Let’s say that you have a collection of results that you wish to sort based on a number of criteria, how do you do this? There are a number of methods to do this, particularly if you can allow user actions to drive your relevance calculation. You can also employ some statistical methods to calculate the combined relevance.

But for us, let’s just assume that we have some data in an unsorted list without such info and that our data is simple enough such that we don’t need to resort to statistical methods to determine the relative relevance of the various attributes. A simple approach is based on using the \(L_2\) norm to determine the “distance” from the ideal result for each data point. In its simplest form, one normalizes each individual coordinate such that the distance along one column yields the same relative importance as the corresponding distance along another coordinate.

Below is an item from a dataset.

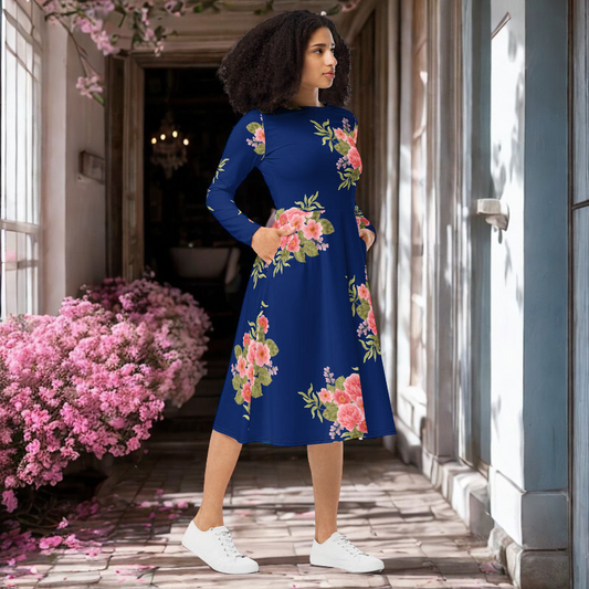 Royal Blue Floral midi dress

For instance, let’s say we have 3 attributes:

- date of birth
- first name
- last name
- geo coordinates

Individually, we might use the following criteria to sort the data. For date of birth, we can convert the whole date into seconds since 1970 and then subtract the two longs to determine their distance. we might also do something a little more complicated such as considering dates by looking at their component month, day and year portions and calculating a distance based on that. The idea is that the larger the distance, the worse the match. For this discussion, we’ll stick to just determing the number of seconds between the two dates. Hence we’d have

\( dateDistance = \sqrt{ (secondsSince1970For1stRecord – secondsSince1970For2ndRecord )^2 } \)For the names, we might just calculate the Levenshtein distance between them. If we get fancy, we can take into account word stems, use synonyms, nicknames etc.

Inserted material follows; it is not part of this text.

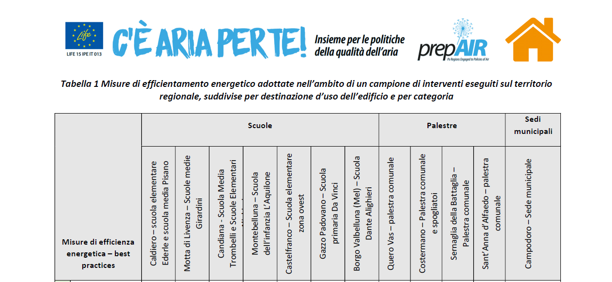 In Tabella 1 sono riportate, per ciascuno dei succitati interventi, le misure di efficientamento energetico adottate, suddivise per tipologia sulla base di quanto riportato nei paragrafi precedenti.

\( firstNameDistance = levenshteinDistance(firstNameFor1stRecord, firstNameFor2ndRecord) \)ditto for the last name. Finally for the geo coordinates, we’ll use another metric to calculate the geographical distance

\( geoDistance = geoDistanceCalculator(geoCoordinateFor1stRecord, geoCoordinateFor2ndRecord) \)Combining these. We need to be able to compare the importance of having the correct birth vs having the same last name or at the same geo coordinates. Ideally, we’ll be able to pick a weight such that if the distance between to birthdates is 1, that will be equally important as the weighted distance between two last names. Ditto for the rest of the attributes.

so our new distance becomes:

\( multifactorDistance = \sqrt{( dateWeight * dateDistance^2 + firstNameWeight * firstNameDistance^2 + lastNameWeight * lastNameDistance^2 + geoWeight * geoDistance^2 ) } \)Note we can adjust the weights to change the relative importance of the various attributes when sorting.

Finally, since all we care about is the sort order, we actually don’t need to do the outer square root \( \sqrt{ – } \) . So we can just calculate:

\( multifactorDistanceSquared =( dateWeight * dateDistance^2 + firstNameWeight * firstNameDistance^2 +

lastNameWeight * lastNameDistance^2 + geoWeight * geoDistance^2 )

\)

And we’re done.